**What this task involves**
Word for word, retype the lines from the one containing "Geomatric pendant of" to the one containing "La mostra Minima" below, keeping both end lines and dropping the pictures.

**Dataset records**

Start of Block

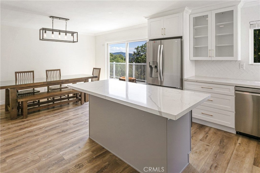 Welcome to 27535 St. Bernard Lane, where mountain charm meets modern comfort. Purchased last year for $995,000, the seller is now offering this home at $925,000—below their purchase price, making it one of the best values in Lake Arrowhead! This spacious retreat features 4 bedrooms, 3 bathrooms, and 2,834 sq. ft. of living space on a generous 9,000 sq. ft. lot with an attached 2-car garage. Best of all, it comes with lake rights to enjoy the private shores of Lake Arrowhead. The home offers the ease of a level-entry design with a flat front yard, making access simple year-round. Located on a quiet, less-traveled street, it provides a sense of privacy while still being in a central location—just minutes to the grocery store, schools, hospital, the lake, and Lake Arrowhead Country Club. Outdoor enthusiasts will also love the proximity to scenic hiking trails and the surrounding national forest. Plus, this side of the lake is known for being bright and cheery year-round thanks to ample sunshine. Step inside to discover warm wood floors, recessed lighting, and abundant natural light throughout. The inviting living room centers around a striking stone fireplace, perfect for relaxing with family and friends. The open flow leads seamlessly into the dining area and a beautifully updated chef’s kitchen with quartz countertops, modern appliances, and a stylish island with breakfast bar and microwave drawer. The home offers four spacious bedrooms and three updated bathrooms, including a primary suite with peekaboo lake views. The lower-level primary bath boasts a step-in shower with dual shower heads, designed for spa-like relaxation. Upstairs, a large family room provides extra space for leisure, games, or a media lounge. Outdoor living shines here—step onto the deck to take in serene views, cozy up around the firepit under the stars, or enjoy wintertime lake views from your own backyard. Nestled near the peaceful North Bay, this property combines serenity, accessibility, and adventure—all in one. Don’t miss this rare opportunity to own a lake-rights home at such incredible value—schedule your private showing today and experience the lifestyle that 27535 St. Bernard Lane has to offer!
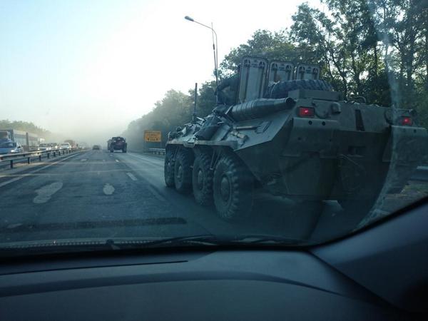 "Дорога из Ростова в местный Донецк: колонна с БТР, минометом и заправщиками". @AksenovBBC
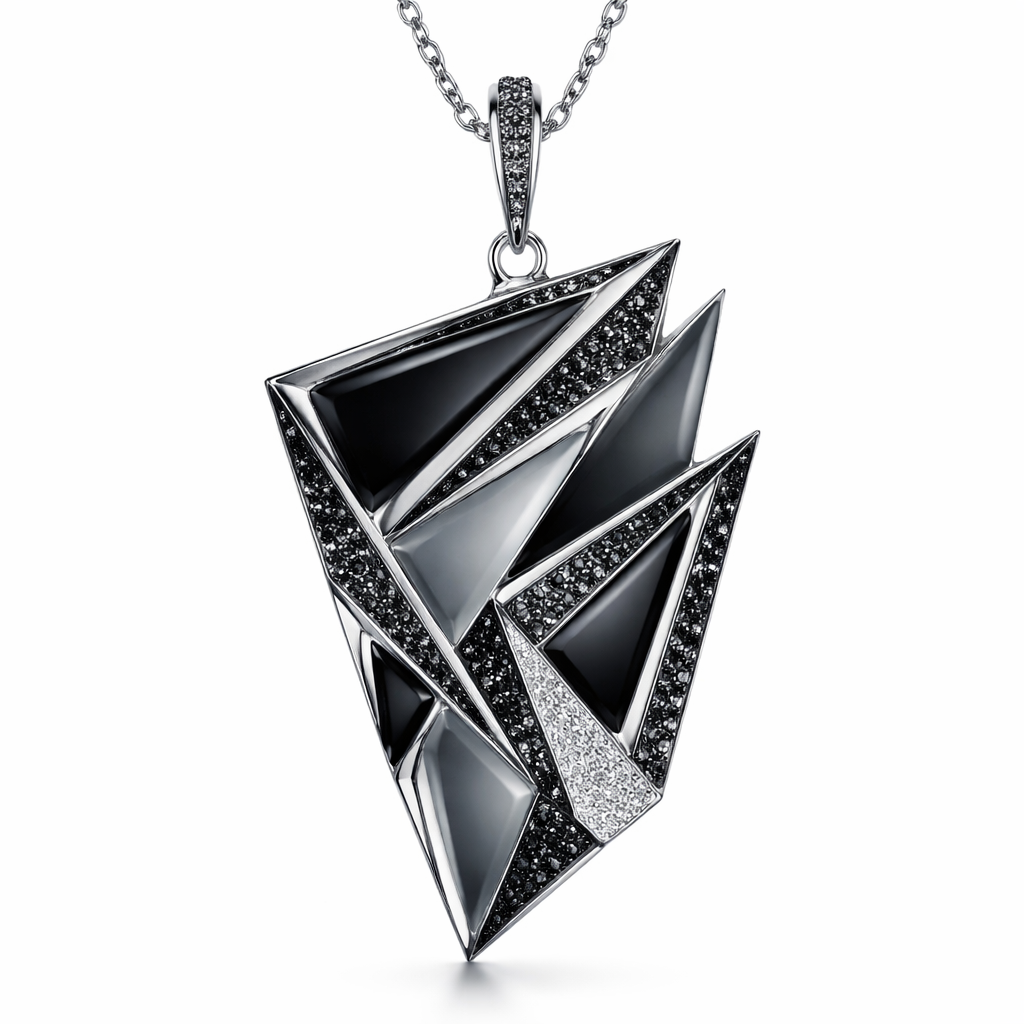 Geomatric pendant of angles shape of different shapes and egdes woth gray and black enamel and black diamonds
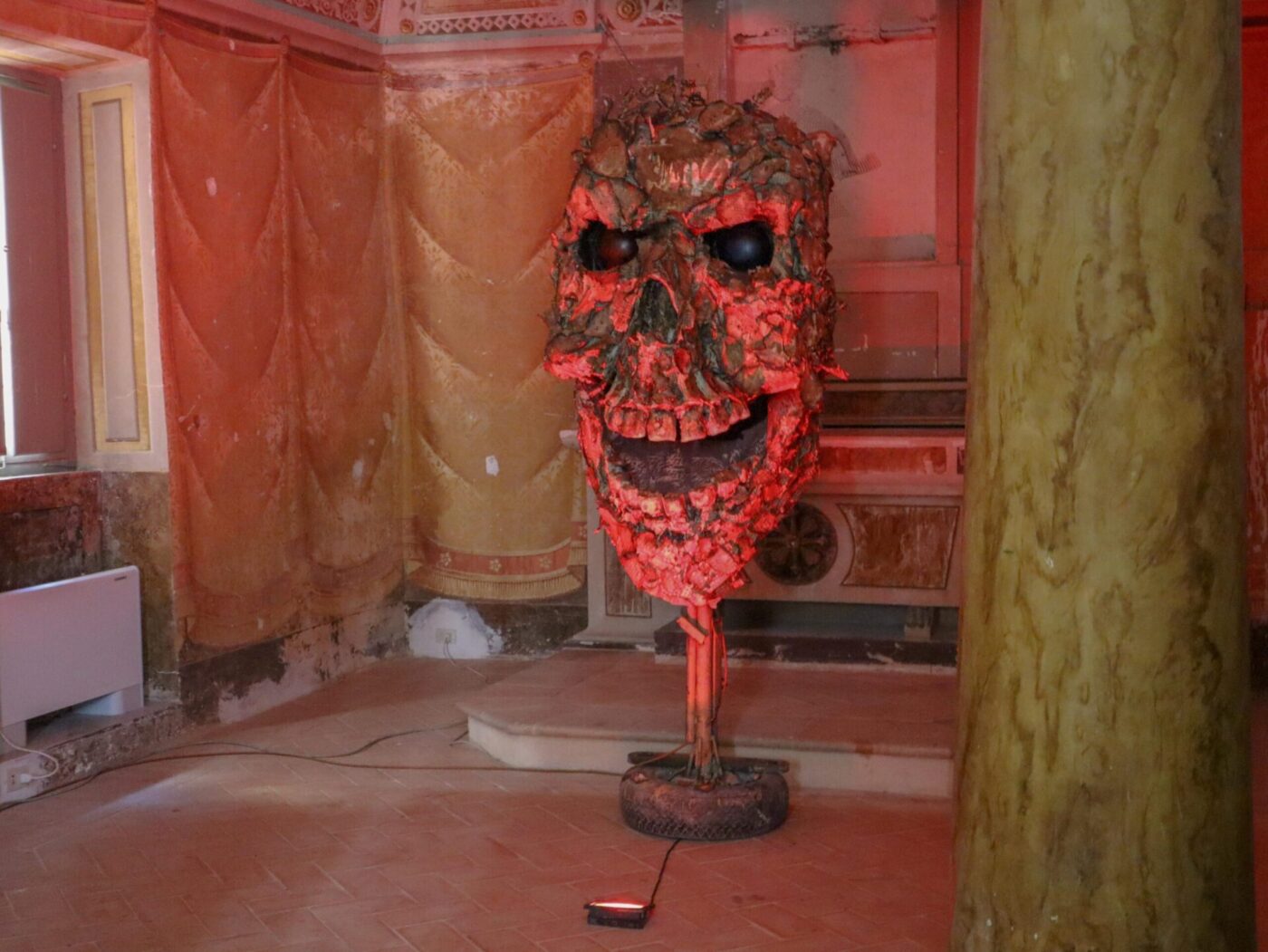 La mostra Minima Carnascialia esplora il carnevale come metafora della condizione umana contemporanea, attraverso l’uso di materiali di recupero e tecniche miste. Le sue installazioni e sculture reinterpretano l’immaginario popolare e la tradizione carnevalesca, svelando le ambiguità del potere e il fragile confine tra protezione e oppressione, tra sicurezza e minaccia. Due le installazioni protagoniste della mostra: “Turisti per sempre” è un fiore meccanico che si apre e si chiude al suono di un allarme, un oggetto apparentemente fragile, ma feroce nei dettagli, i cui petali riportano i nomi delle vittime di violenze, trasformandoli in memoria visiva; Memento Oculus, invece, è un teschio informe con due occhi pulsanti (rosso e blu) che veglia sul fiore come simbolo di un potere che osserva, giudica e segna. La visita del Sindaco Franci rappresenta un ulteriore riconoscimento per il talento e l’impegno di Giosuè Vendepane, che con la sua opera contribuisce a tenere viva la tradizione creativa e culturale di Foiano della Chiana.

End of Block
Start of Block

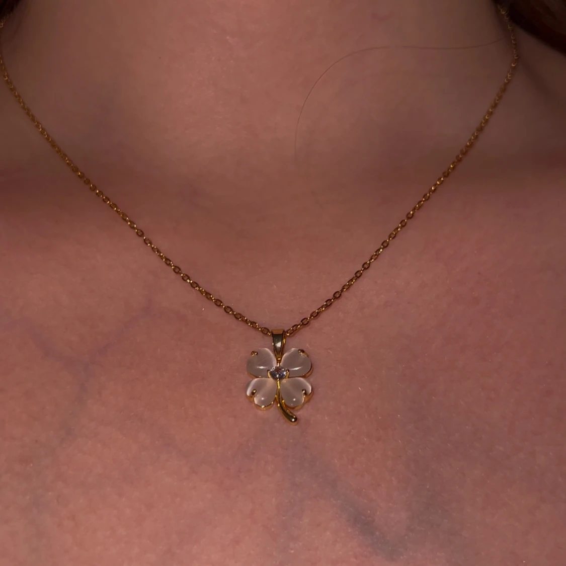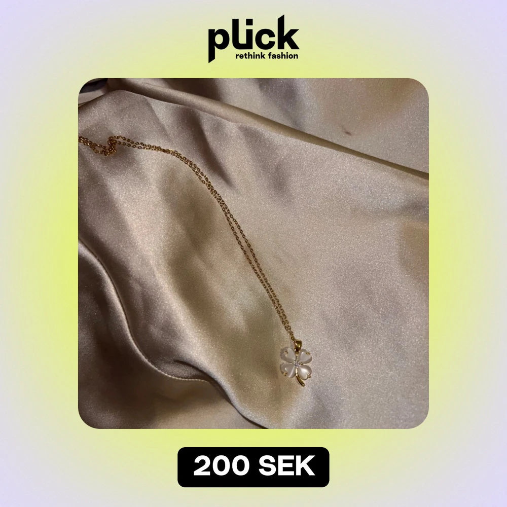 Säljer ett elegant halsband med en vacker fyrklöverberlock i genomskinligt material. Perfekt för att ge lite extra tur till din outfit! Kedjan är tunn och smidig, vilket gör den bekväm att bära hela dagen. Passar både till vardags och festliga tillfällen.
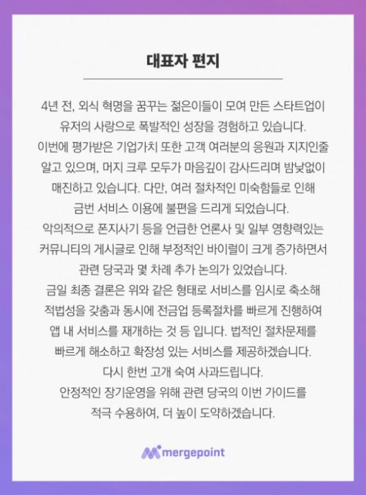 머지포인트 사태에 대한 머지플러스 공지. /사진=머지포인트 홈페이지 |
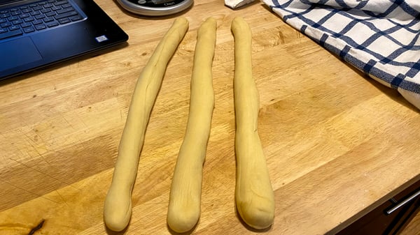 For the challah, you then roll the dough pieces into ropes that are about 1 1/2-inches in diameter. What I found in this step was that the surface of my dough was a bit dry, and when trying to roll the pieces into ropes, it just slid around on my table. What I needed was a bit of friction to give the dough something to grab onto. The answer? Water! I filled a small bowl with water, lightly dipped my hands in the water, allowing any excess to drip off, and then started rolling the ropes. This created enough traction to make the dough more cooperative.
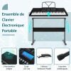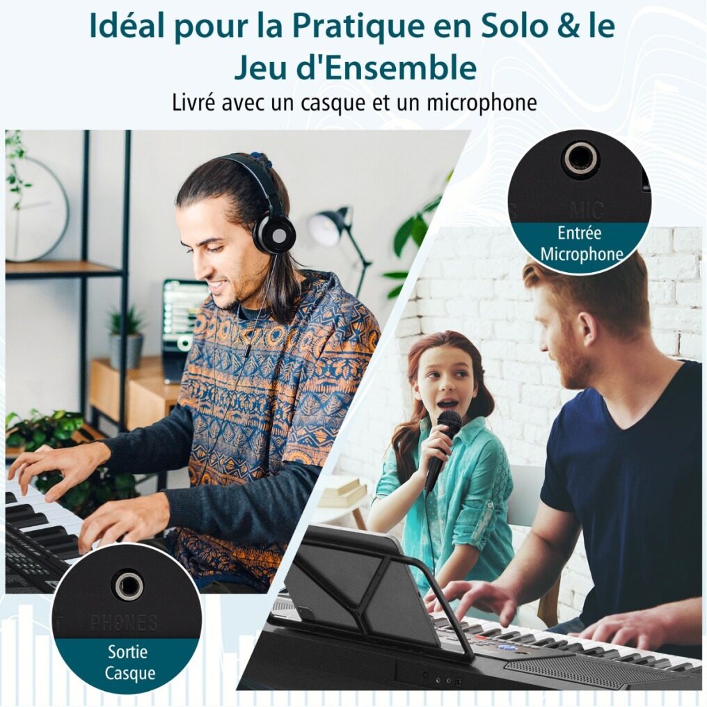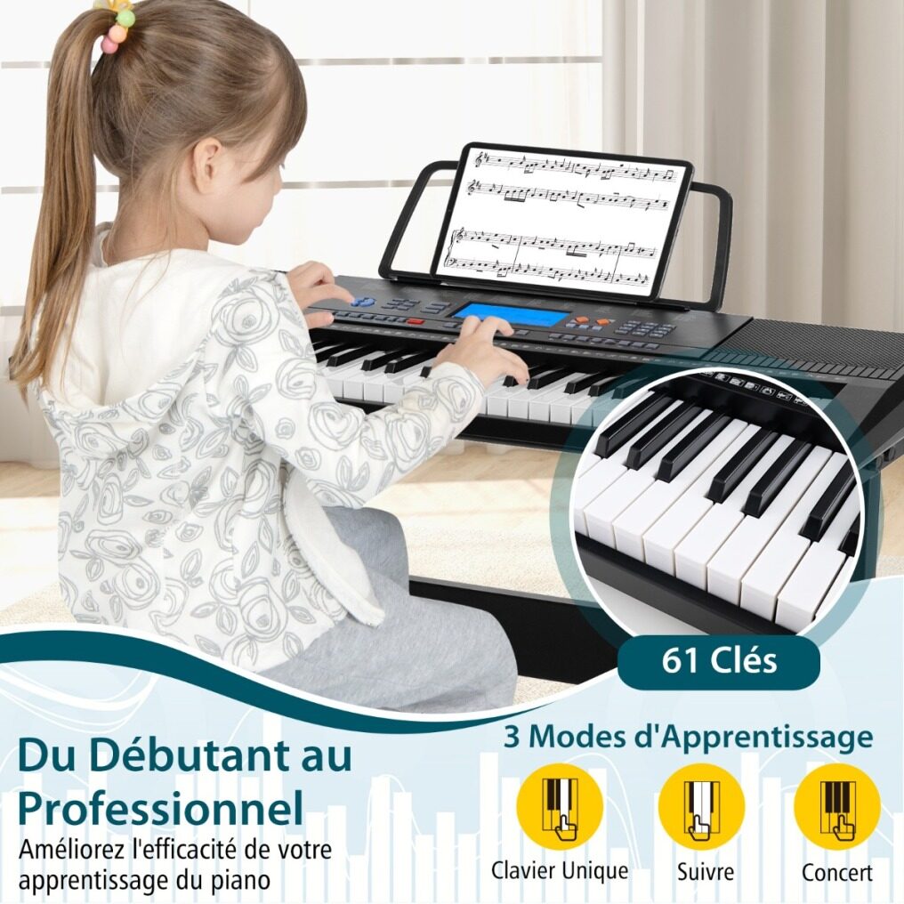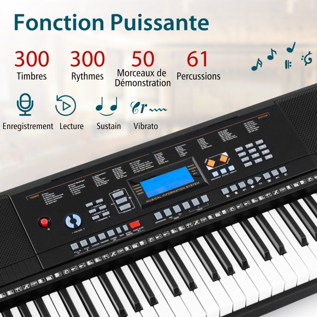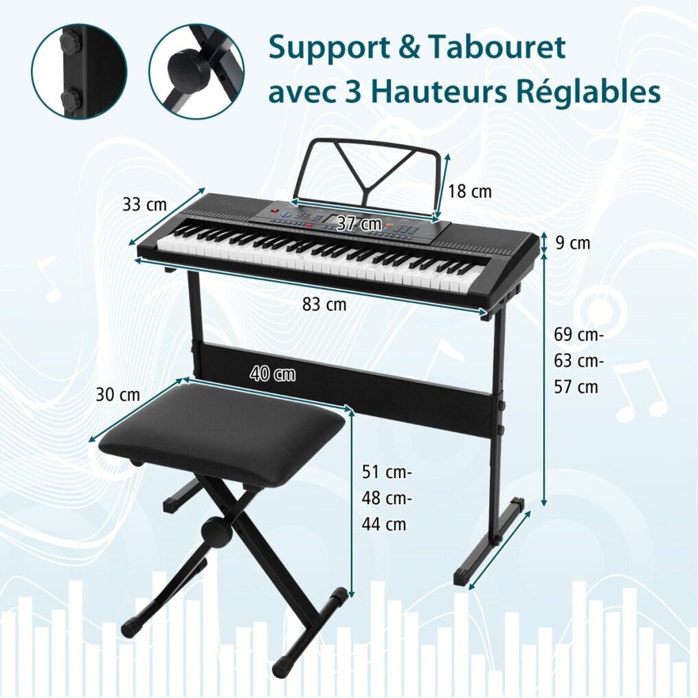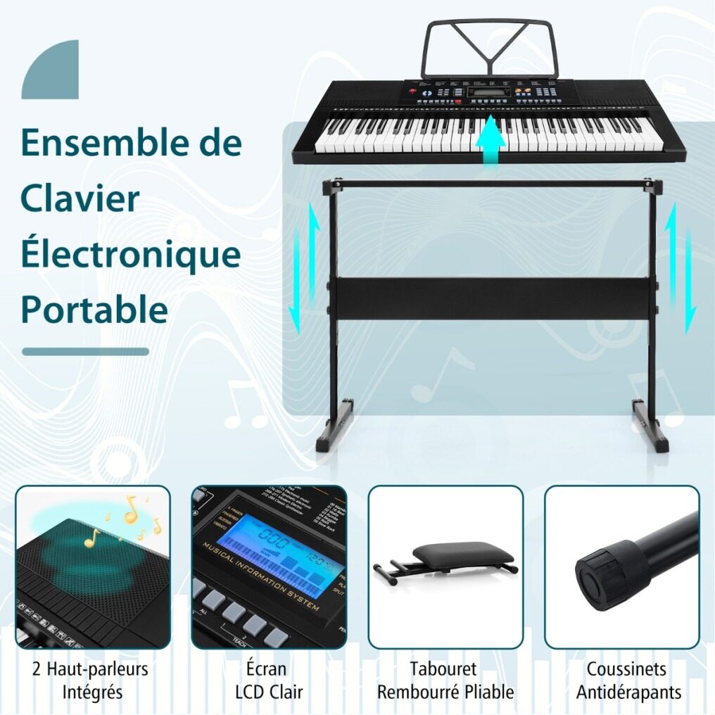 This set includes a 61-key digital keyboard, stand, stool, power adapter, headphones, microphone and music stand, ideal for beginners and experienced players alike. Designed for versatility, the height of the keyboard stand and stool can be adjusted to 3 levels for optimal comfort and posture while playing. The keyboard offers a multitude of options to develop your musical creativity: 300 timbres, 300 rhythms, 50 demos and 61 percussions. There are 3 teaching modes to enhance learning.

End of Block
Start of Block

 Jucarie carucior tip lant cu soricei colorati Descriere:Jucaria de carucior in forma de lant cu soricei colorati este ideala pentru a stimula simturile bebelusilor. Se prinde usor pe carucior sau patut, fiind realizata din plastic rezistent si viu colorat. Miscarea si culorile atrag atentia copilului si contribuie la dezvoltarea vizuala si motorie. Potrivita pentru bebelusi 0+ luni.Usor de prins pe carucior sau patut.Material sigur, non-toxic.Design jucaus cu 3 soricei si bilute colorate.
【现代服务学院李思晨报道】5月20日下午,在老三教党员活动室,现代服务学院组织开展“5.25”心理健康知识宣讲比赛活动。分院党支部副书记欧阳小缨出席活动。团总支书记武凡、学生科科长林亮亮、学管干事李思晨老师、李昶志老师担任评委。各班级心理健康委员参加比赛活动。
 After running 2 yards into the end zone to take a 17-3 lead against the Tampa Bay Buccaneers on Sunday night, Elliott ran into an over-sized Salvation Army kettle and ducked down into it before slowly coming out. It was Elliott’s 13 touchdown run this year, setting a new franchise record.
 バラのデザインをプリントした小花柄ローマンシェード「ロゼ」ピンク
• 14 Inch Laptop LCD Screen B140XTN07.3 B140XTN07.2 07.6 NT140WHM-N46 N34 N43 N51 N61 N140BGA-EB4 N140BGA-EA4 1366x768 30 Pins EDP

End of Block

**Exercise result**
 Geomatric pendant of angles shape of different shapes and egdes woth gray and black enamel and black diamonds
 La mostra Minima Carnascialia esplora il carnevale come metafora della condizione umana contemporanea, attraverso l’uso di materiali di recupero e tecniche miste. Le sue installazioni e sculture reinterpretano l’immaginario popolare e la tradizione carnevalesca, svelando le ambiguità del potere e il fragile confine tra protezione e oppressione, tra sicurezza e minaccia. Due le installazioni protagoniste della mostra: “Turisti per sempre” è un fiore meccanico che si apre e si chiude al suono di un allarme, un oggetto apparentemente fragile, ma feroce nei dettagli, i cui petali riportano i nomi delle vittime di violenze, trasformandoli in memoria visiva; Memento Oculus, invece, è un teschio informe con due occhi pulsanti (rosso e blu) che veglia sul fiore come simbolo di un potere che osserva, giudica e segna. La visita del Sindaco Franci rappresenta un ulteriore riconoscimento per il talento e l’impegno di Giosuè Vendepane, che con la sua opera contribuisce a tenere viva la tradizione creativa e culturale di Foiano della Chiana.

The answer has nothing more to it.